The Real Reason Venom Soared While Morbius, Madame Web, and Kraven the Hunter Flopped
Sony bet on a Spider-Man-free universe — and paid the price. Venom broke out, but Morbius, Madame Web, and Kraven the Hunter face-planted; we unpack what worked, what didn’t, and why the plan fell apart.
Sony tried to spin up a Marvel-style universe out of Spider-Man villains without, you know, Spider-Man. That went about as well as you remember: Morbius, Madame Web, and Kraven the Hunter faceplanted with critics and at the box office. In the middle of that chaos, one thing actually worked: Venom. Critics rolled their eyes, audiences bought tickets, and the trilogy quietly hauled in $1.8 billion worldwide. So why did Venom connect when the others crashed?
The Playlist put that question to Ruben Fleischer, who directed the first Venom. He was careful not to Monday-morning-quarterback the other movies — he says he has not seen all of them — but he did lay out why Venom clicked for him: it is funny, it does not take itself too seriously, and it leans into the absurdity of a journalist sharing headspace with a hungry alien.
'People love Venom because he is funny. It does not take itself too seriously. It is kind of a ridiculous premise that you have an alien living inside you and sharing space with you.'
Fleischer said he leaned into a specific tonal lane that is not the usual superhero playbook. His touchstones were 'All of Me' (yes, the Steve Martin/Lily Tomlin body-sharing comedy) and 'An American Werewolf in London.' Both are genre pieces with a mischievous sense of humor baked in. That mix let Venom look and feel darker than most capes-and-cowls stuff while still being genuinely funny — and Tom Hardy ran with it. According to Fleischer, Hardy nailed the odd-couple chaos, and the combined charisma of Hardy and the character itself did a lot of the heavy lifting with audiences.

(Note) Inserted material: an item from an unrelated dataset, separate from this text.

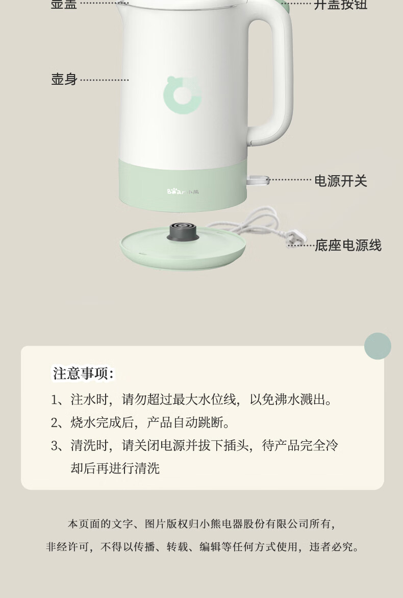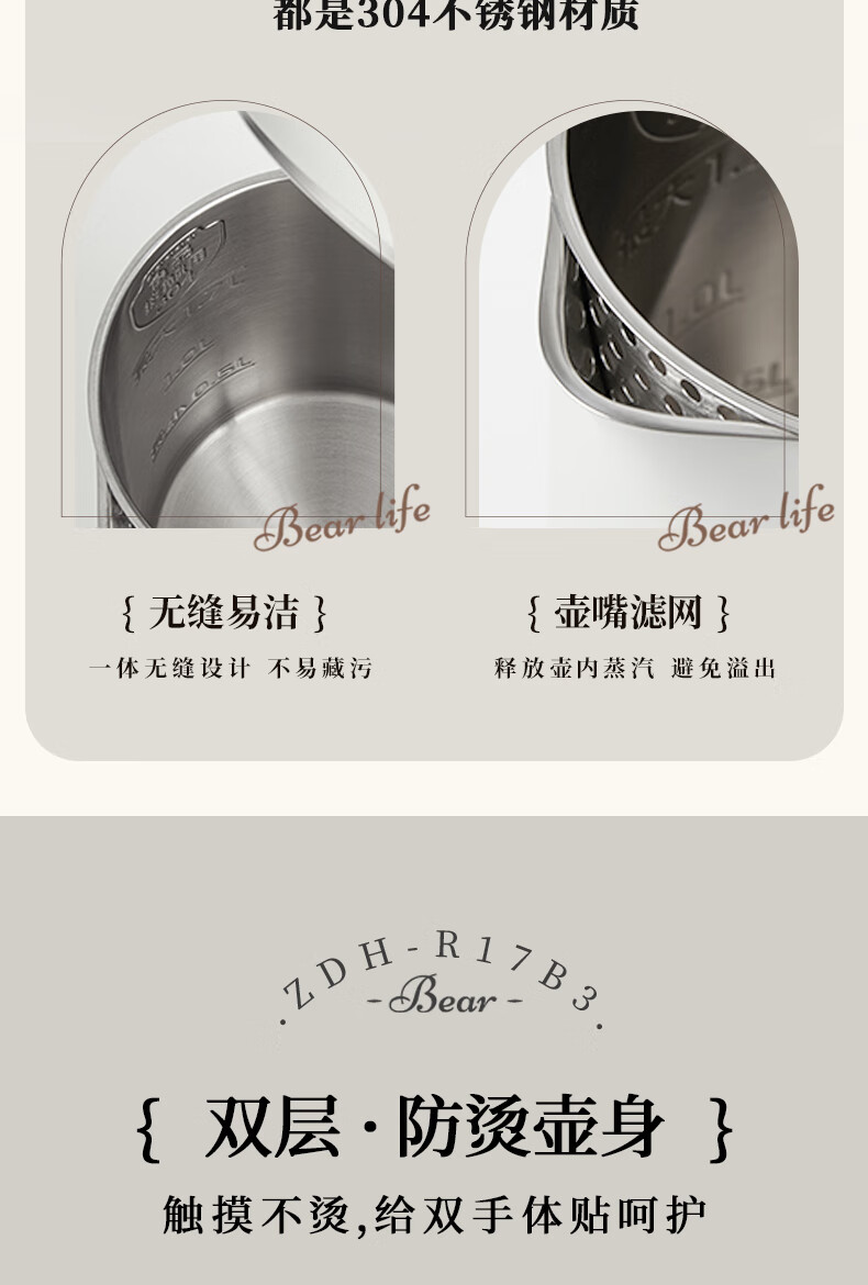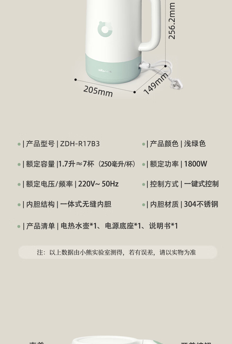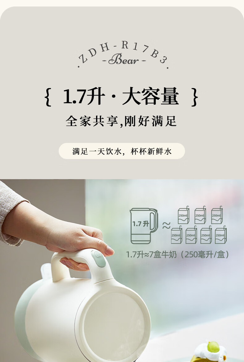 商品名称:小熊(Bear)电热水壶 1.7L ZDH-R17B3 包销款

There was another, very real hurdle: Sony could not use Spider-Man. That forced Fleischer and the team to build a Venom who was not defined by Peter Parker. As he remembers it, that was the point from the start — keep Venom distinct, maybe leave the door open to cross paths one day, but do not hang the whole thing on a hero they did not have.
- Why Venom worked, per Fleischer: a knowingly ridiculous premise played for dark comedy; tonal inspiration from 'All of Me' and 'An American Werewolf in London'; a character who looks mean but cracks jokes; Tom Hardy’s full-send performance; and a story that stands on its own without Spider-Man, even while acknowledging a crossover could happen down the line.
Compare that to Sony’s other Spider-villain swings — characters with less built-in mainstream love, movies that treated bonkers concepts with a straight face, and none of Hardy’s go-for-broke energy — and it is not shocking why audiences chose one over the others. Venom did not chase prestige; it embraced the weird and gave people a good time. The others? The results speak for themselves.